Tetherin is an exosomal tether.

Author information

1
University of Cambridge, Cambridge Institute for Medical Research, Cambridge, United Kingdom.
2
Division of Bioinformatics and Chemical Genomics, Department of System Chemotherapy and Molecular Sciences, Graduate School of Pharmaceutical Sciences, Kyoto University, Kyoto, Japan.
3
Chemical Genomics Research Group, RIKEN Center for Sustainable Resource Science, Wako, Japan.
4
School of Biochemistry, University of Bristol, Bristol, United Kingdom.

Abstract

Exosomes are extracellular vesicles that are released when endosomes fuse with the plasma membrane. They have been implicated in various functions in both health and disease, including intercellular communication, antigen presentation, prion transmission, and tumour cell metastasis.
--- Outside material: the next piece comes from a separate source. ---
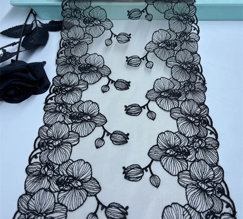 Tämä pitsi on ihanteellinen vaatteiden, hameiden, pukujen tai muotilisävarusteiden koristeluun. Se sopii myös erinomaisesti häiden koristeiden, kodin koristeiden tai ainutlaatuisten käsintehtyjen tuotteiden valmistukseen. Musta kirjailtu pitsi kasvimotiviinilla tuo jokaiselle projektille voimakkaan ja elegantin yksityiskohdan.
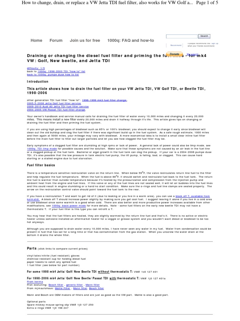 The last thing you want to do is starve the high pressure fuel pump of fuel as it lubricates it. Select your vehicle for those changing a fuel filter themselves, the location and how to remove the clips are the biggest problems. Since the hpfp is prone to failure, priming the fuel system must be performed after the filter element change to ensure that the hpfp is never run dry. Only tool you'll need is philips head screwdriver and new fuel. Based on the radius, a new location list is generated for 02 vw jetta 1.8t. About 12% of these are fuel filers, 0% are cabin filters. Come on down to our 3025 n freeway, pueblo location today to test drive and make an offer on your next description: Car truck ready inline fuel filter an6 an8 an10 100 micron universal high pressu (fits: The fuel filter looks to be under car on pass rear beside the fuel tank. It's a fun and fast car, handles well, gets decent fuel mileage and very reliable, starts. A clogged filter can cause many problems, from rough running. The filter is responsible for preventing debris in the gas tank from entering the fuel system itself. The filter is responsible for preventing debris in the gas tank from entering the fuel system itself.

Here we show that inactivating the vacuolar ATPase in HeLa cells causes a dramatic increase in the production of exosomes, which display endocytosed tracers, cholesterol, and CD63. The exosomes remain clustered on the cell surface, similar to retroviruses, which are attached to the plasma membrane by tetherin. To determine whether tetherin also attaches exosomes, we knocked it out and found a 4-fold reduction in plasma membrane-associated exosomes, with a concomitant increase in exosomes discharged into the medium. This phenotype could be rescued by wild-type tetherin but not tetherin lacking its GPI anchor. We propose that tetherin may play a key role in exosome fate, determining whether they participate in long-range or short-range interactions.